- CD-only cover

Studio album by Show Lo
- Released: February 18, 2011
- Recorded: 2010–2011
- Genre: Dance-pop; R&B;
- Length: 49:29
- Language: Mandarin
- Label: Gold Typhoon (Taiwan); Pony Canyon (Japan);

Show Lo chronology
| All for You (2011) | Only for You (2011) | 9ood Show (2012) |

Alternative cover
- 10001st Night Celebration cover

= Only for You (Show Lo album) =

Only for You (獨一無二 (Dú yī wú èr)) is the eighth Mandarin studio album by Taiwanese singer Show Lo. It was released on February 18, 2011, by Gold Typhoon (Taiwan). The Japanese edition of the album was released on July 20, 2011. It spawned the singles "What Am I Fighting For?" and "Only for You".

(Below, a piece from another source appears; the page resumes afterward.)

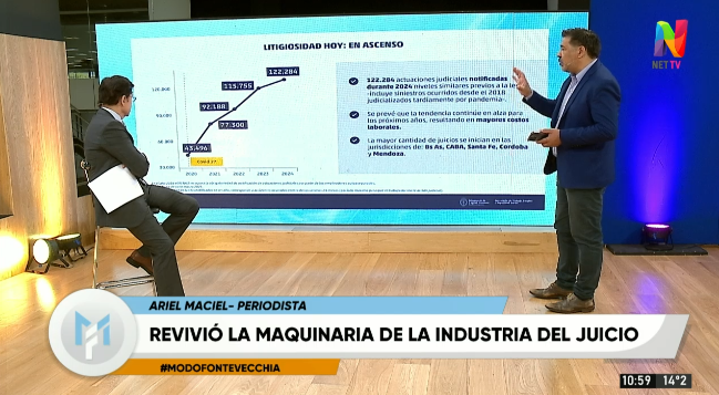 En una nueva entrega de ‘Modo Fontevecchia’, el periodista Ariel Maciel presentó un informe sobre el incremento de los reclamos obreros donde detalló el registro de más de 2 billones de pesos en montos reclamados durante un período de 12 meses. La exposición subrayó cómo esta oleada de causas no responde a un alza en siniestros laborales, sino a evaluaciones médicas judiciales que superan en un 12,5% las normas oficiales, agravadas por tasas de interés desproporcionadas.
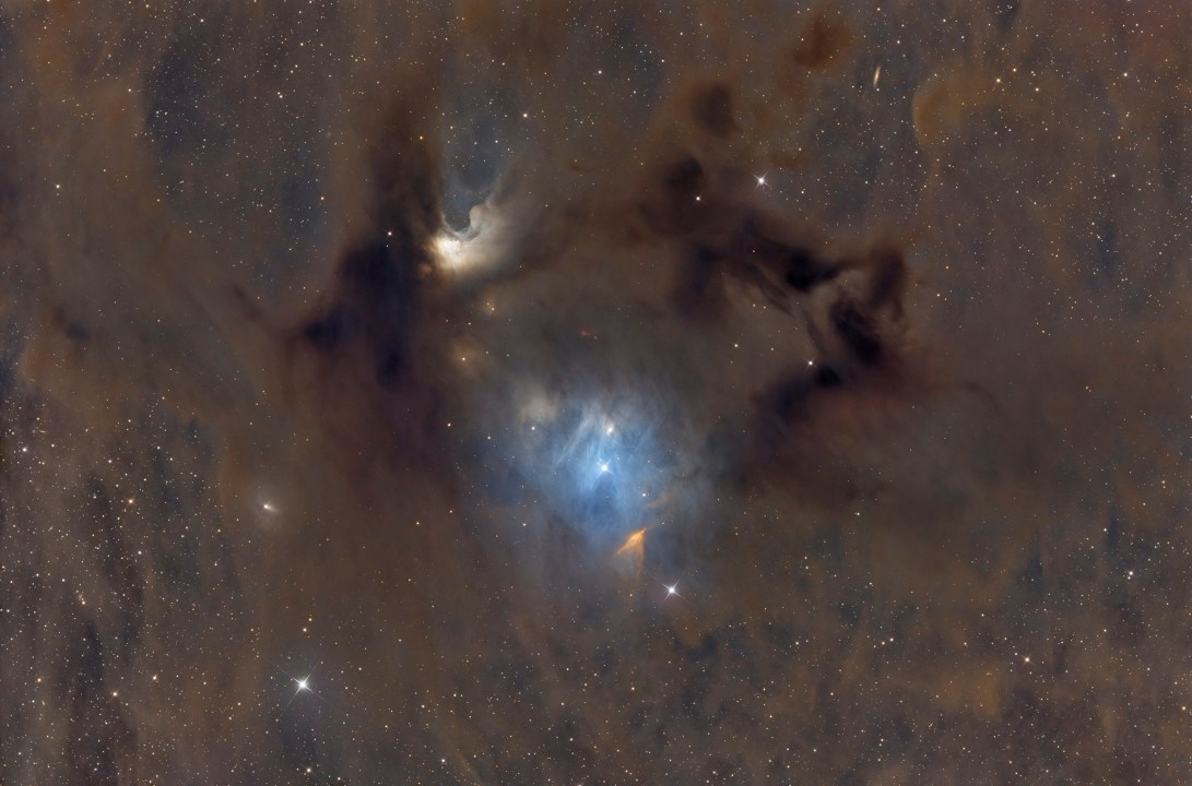 Con precisión técnica, describe lo que fotografió ahora: “Es una nube molecular de Camaleón I. En el interior de esta nube, a unos 650 años luz, se desarrolla una activa región de formación estelar. Se destacan la nebulosa polvorienta con forma de C (Ced 110), la azulada Ced 111 y la Nebulosa Infrarroja del Camaleón (Cha IRN), con su característica forma en V y tonos anaranjados, esculpida por los flujos de gas de una estrella joven”, escribe. Estas estructuras, inmersas en gas y polvo interestelar, revelan las primeras etapas del nacimiento de nuevas estrellas en una de las regiones más cercanas al sistema solar.

The album was a commercial success in Taiwan, where it became the country's best-selling album of 2011 with 150,000 copies sold. In Japan, the album peaked at number 34 on the Oricon Albums Chart.

== Background and release ==
The album was available for preorder from January 28, 2011, in two limited editions, of 30,000 copies each with serial numbers and photobook: Only For You (Gentry Love Edition) and Only For You (Flower World Edition). For the first time the first lead track is a ballad "What Am I Fighting For?".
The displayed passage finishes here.